▶ **Source data**

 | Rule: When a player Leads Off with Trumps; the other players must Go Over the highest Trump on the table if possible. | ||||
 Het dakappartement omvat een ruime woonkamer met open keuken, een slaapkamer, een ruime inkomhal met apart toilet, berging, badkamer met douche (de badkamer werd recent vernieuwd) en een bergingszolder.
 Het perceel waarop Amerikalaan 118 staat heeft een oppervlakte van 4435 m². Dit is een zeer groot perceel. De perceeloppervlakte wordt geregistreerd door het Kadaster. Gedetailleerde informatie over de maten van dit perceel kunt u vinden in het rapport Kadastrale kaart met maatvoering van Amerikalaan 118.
--
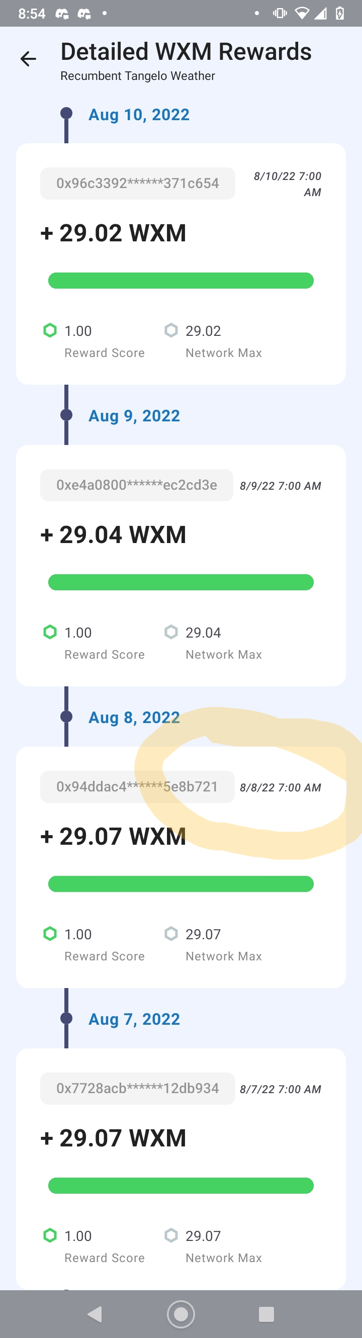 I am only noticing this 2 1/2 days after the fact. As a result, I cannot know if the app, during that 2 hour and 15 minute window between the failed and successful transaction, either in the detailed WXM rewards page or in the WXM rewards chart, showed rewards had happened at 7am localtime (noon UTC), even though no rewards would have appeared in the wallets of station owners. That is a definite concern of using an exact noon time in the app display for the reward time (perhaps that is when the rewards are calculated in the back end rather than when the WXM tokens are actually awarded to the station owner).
---
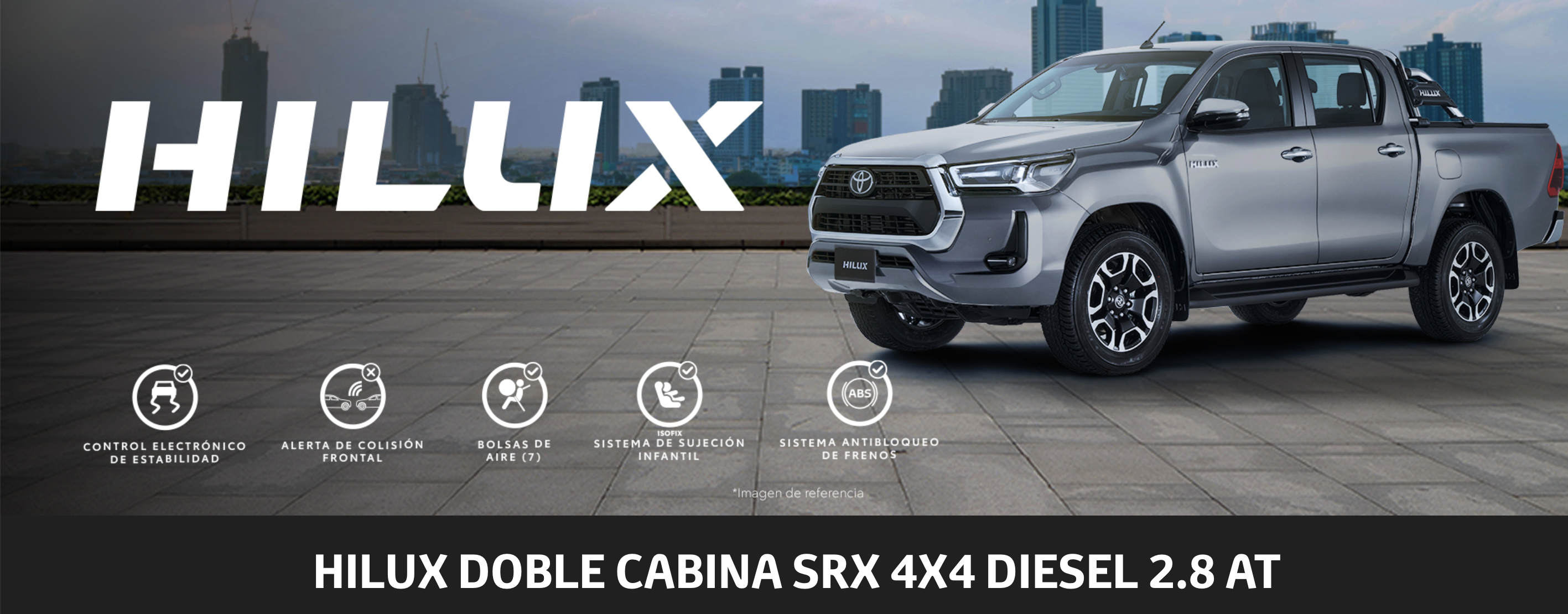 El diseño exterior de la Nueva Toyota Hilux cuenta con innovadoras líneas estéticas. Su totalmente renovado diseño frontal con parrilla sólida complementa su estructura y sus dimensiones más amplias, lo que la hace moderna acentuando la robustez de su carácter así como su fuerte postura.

▶ **The task**
Reproduce exactly the stretch of the material above that starts at the line with "possible. | ||||" and ends at the line with "Het dakappartement omvat", both included, and nothing else.

▶ **Solution to this task**
 | Rule: When a player Leads Off with Trumps; the other players must Go Over the highest Trump on the table if possible. | ||||
 Het dakappartement omvat een ruime woonkamer met open keuken, een slaapkamer, een ruime inkomhal met apart toilet, berging, badkamer met douche (de badkamer werd recent vernieuwd) en een bergingszolder.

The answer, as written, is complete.